> [Work instructions] Set down every line from the one with "报告披露,2025年,大众点" to the end of the entries, both ends included, exactly as it reads and without pictures.
━━━ Source material ━━━
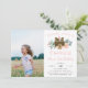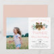 Adorável convite de festas do estilo "boho" para a terceira festa de aniversário de seu pequeno ursinho, um doce urso rosado, vestindo uma pena, flanqueado por flores e folhas pastéis. "Jovem, selvagem e três" aparece em letras de pêssego. Personalize com os detalhes da festa de aniversário de seu filho de 3 anos em tons de pêssego e cinza modernos e brancos, e adicione uma foto favorita da aniversariante no lado esquerdo. Cartões inversos a rosas sólidas.
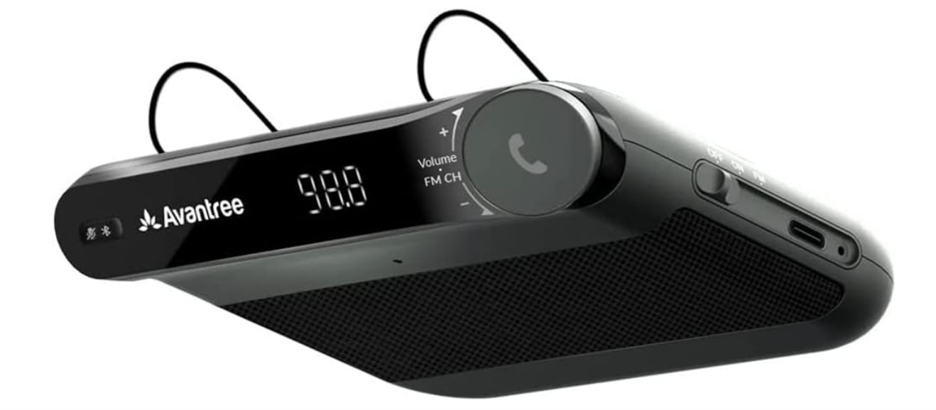 We found the Avantree Roadtrip handy for connecting older cars to Bluetooth devices quickly. Its dual speakers are loud enough for podcasts and music while driving. The built-in noise cancellation made calls clear on our end, but sometimes the other side wasn’t as loud or crisp.
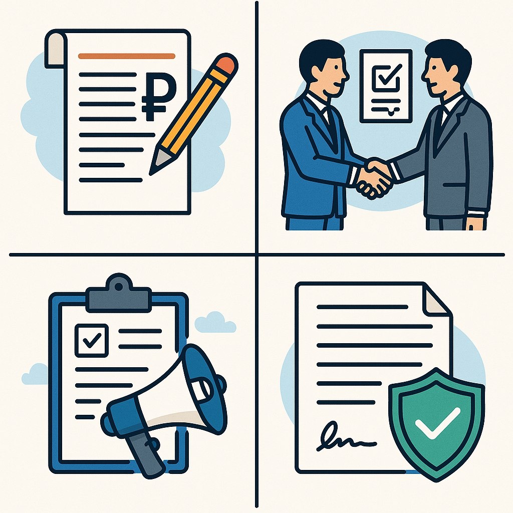 Идея о штрафах в 150–200% от контракта — миф. На практике, если цена в аукционе упала более чем на 25% от НМЦК, обеспечение исполнения контракта повышается в 1,5 раза, но не более 10% от цены контракта, а фактические пени и штрафы исчисляются по ГК РФ и 44-ФЗ в гораздо скромных пределах.
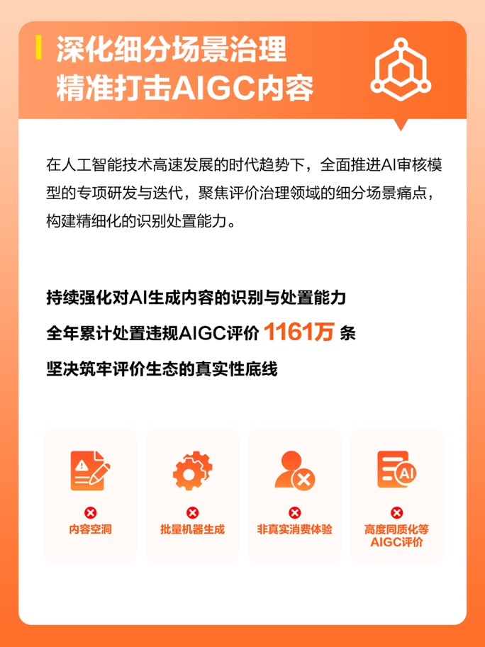 报告披露,2025年,大众点评率先引入AI智能体辅助人工审核评价,以线上化的物理世界信息作为“信息底座”,提升识别虚假评价的能力;分层处置AIGC评价共1161万条,守护AI时代稀缺的“真实”;升级星级评分规则,聚焦“赠品换好评”违规行为,高强度促评商户数下降42%;上线“点评众议厅”,让规则更贴合真实消费场景,持续推动评价生态的社会共治。
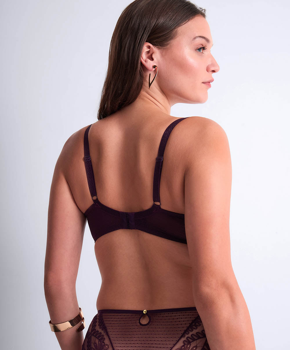 Sa dentelle Leavers, à la fois fine et graphique, se marie à un plumetis aérien pour épouser vos courbes avec sensualité et légèreté. Ce jeu subtil de matière révèle une silhouette tout en douceur, tandis que de précieux détails viennent parfaire chaque pièce : un bijou feuillage au fini martelé, des gouttes dorées et des anneaux délicats, autant de touches raffinées qui illuminent les parures.
━━━
> [Expected answer]
 报告披露,2025年,大众点评率先引入AI智能体辅助人工审核评价,以线上化的物理世界信息作为“信息底座”,提升识别虚假评价的能力;分层处置AIGC评价共1161万条,守护AI时代稀缺的“真实”;升级星级评分规则,聚焦“赠品换好评”违规行为,高强度促评商户数下降42%;上线“点评众议厅”,让规则更贴合真实消费场景,持续推动评价生态的社会共治。
 Sa dentelle Leavers, à la fois fine et graphique, se marie à un plumetis aérien pour épouser vos courbes avec sensualité et légèreté. Ce jeu subtil de matière révèle une silhouette tout en douceur, tandis que de précieux détails viennent parfaire chaque pièce : un bijou feuillage au fini martelé, des gouttes dorées et des anneaux délicats, autant de touches raffinées qui illuminent les parures.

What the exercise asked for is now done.